6 Steps to Consider When Starting a Career in Data Science
Staring a career in data science can be exciting. However, this field will not be that satisfying if you don’t have an idea of what you need to do at a given time. When I say this I don’t mean you need experience for you to succeed in the business. If you are eager to know where you need to start in your data science career then here are the 6 steps to follow.
The first thing is to know what you need. This is step is very important for you because that where you get the basis for your career. This simply means that you have to know where you are and what you need. For you to complete with that step you will need to explain the meaning of data science. I and you know that data science is a process of getting answers using numeric data for the asked questions. Nevertheless, you need to have a program to help you in solving the huge data that you will be working on. The program will be responsible for collecting data, clean and analyze it to give the answers to the questions. Working with a scientist that can write programs and being mathematically fluent is a key to success in your data science career. The flowing of the coding language that you intend to use is very important.

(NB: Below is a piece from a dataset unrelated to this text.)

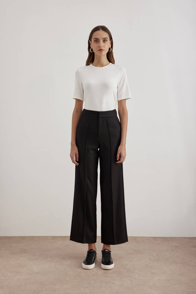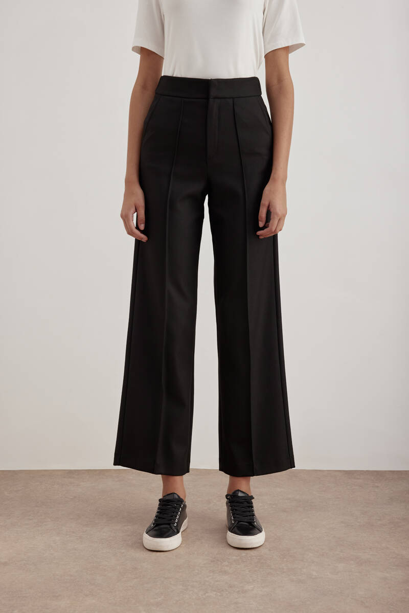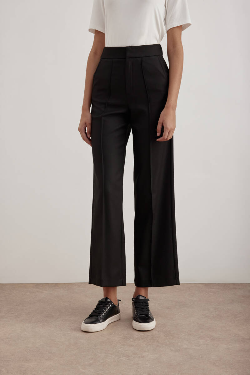 Siyah Belden Metal Toka Bağlama Detaylı Dokuma Pantolon
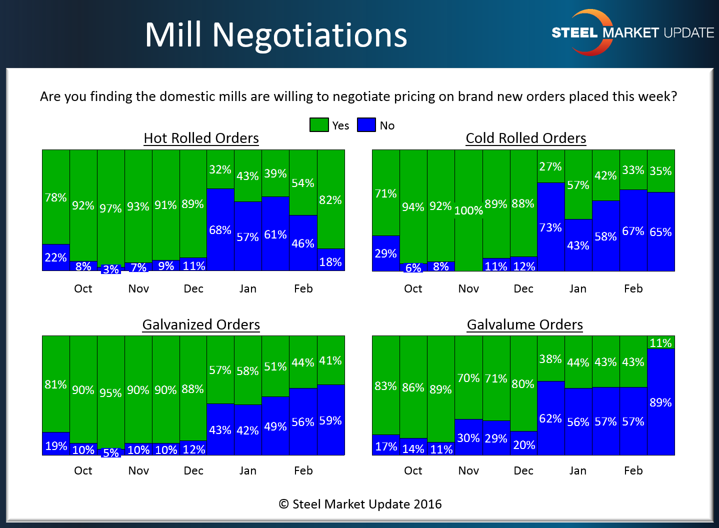 Cold rolled, galvanized and Galvalume were less mill sensitive with 35 percent of those responding to our CR inquiry reporting the mills as willing to negotiate. For Galvanized, 41 percent reported the mills as willing to negotiate spot pricing and Galvalume dropped to 11 percent of those responding to our survey reporting AZ prices as negotiable. Based on the results seen, we believe the spread between hot rolled and the other flat rolled products base pricing will continue to be wider than historical levels.

Python and R are the first the second step to consider. The use of R is to compute statistical data like data manipulation, storage and also graphing. Wide range of people prefers to learn data science with python because it makes work easy for them. Its good that you get used to one language before you use several languages. Semantics, structures and basic functions should be at your fingertips before you think of adding another language.

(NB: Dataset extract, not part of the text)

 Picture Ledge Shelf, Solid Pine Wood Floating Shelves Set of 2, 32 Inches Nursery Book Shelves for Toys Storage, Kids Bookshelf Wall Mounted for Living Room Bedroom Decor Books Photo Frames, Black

It’s also good that you pursue a degree. A degree in either information technology, computer science mathematics or statistics will be an advantage to your data science career because you will get into details of your career and you will also be close to experts in the field hence giving you a chance to ask any question that you may have.
Then, you should learn about specialization. Since the data science is an umbrella of many specializations you should find the direction to take depending on your interest.
Consider practical applications. It’s good to learn the working of the program and why it reacts in a certain way but also it necessary to study practically how to work with the program.
Working on what you have learned is important and it works better if you start on an independent project.